12. Step up your training. Completely train new employees, and require each existing employee to get a minimum of 35 to 40 hours of training every year. Agencies are notorious for offering little if any formal initial training before throwing new employees to the wolves. This practice does the opposite of wowing employees: Senior employees' morale and productivity declines, new employees feel resentful and unvalued, and everyone has less confidence in management.
How would you like to be a surgeon who must train a newcomer while you're performing surgery? No one could perform at his/her best under such circumstances. Such a practice is clearly unacceptable in the medical profession, but most agencies repeatedly refuse to provide their employees with the training they need to be their best!
13. Create a pleasant, comfortable, family-friendly work environment. Your employees work hard to be their best. Your job is to get obstacles out of their way. Their surroundings should be aesthetically pleasing and physically comfortable. If the physical environment hasn't been redecorated for 10 or more years, it probably looks old. Some environments are too noisy to allow employees to concentrate or to have confidential conversations with customers. Some aren't adequately heated or air-conditioned, or lack decent ventilation. Resolving such issues is the bare minimum to creating a productive work environment.
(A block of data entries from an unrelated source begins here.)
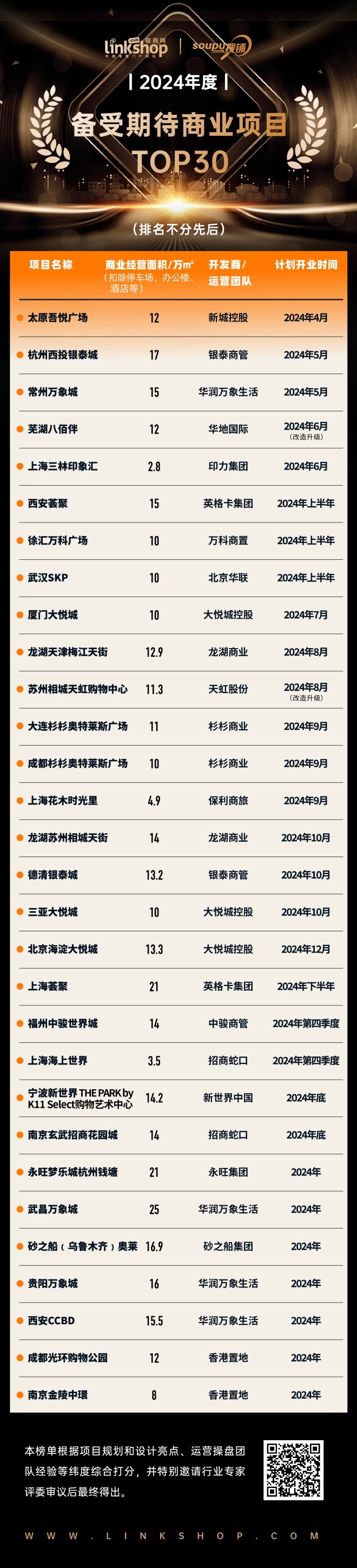 2024年度備受期待商業(yè)項目TOP30
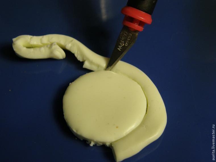 Дальше вырезаем круг ножом. Запекаем согласно инструкции к глине.
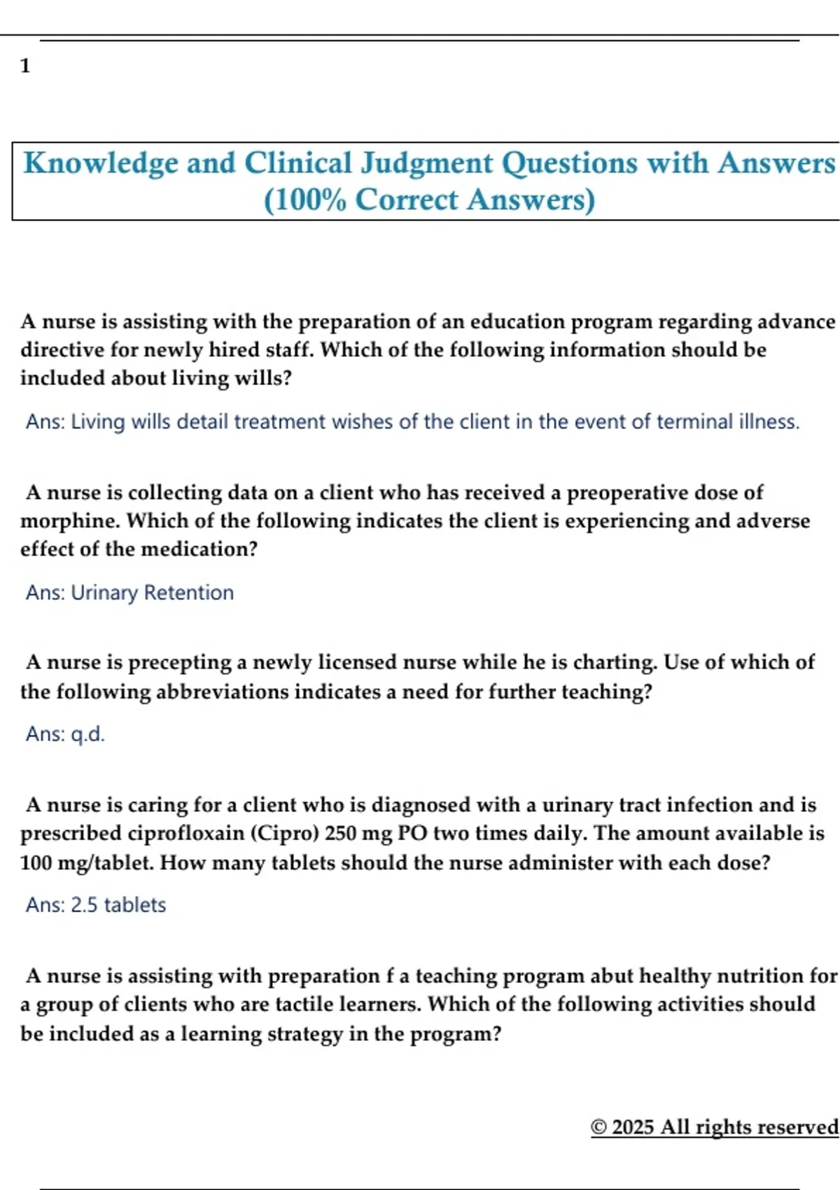 The Knowledge and Clinical Judgment Questions resource provides nursing students with a comprehensive set of practice questions and answers to enhance critical thinking and clinical decision-making skills. This updated 2026/2027 version covers patient assessment, care planning, prioritization, and evidence-based interventions. The material supports exam preparation, reinforces clinical judgment concepts, and helps learners improve performance in coursework, assessments, and practical nursing scenarios.

With today's limited leisure time, it's a good idea to adopt policies that take into account the realities of your employees' personal lives. Being an employee is only one of the roles they have to juggle. More employees are becoming concerned about day care and elder care, so it's important to find ways to help them meet these and other personal needs. You can win employees forever if you view them as complete human beings with personal lives, rather than as just employees.
14. Invest in the most up-to-date tools and best equipment. To give superior job performances, employees need the best tools and equipment available. If you wanted an athlete to be his or her best, you'd be sure to provide the best equipment, wouldn't you? Your employees are no different and deserve no less.
15. Offer employees a piece of the business. Be willing to share the rewards. Many start-up high-tech companies have mastered this step. They attract the best employees who are willing to work long hours because they have the potential to share in the fruits of their labor. You'll be delightfully surprised at how positively your generosity affects your employees' attitude and productivity.
16. Walk the talk. Breathe and live it too. As with the rest of life, be genuine and honest. Hypocrisy or double standards can easily undermine your best intentions. If you can't embrace any of these steps, don't pretend you can. You won't fool anyone, and will only impede your agency's growth.
So there you have it. The basics. Collectively they may seem daunting, but remember, all great achievements started with an individual, small step. And each initial step required a leader to be bold and have courage.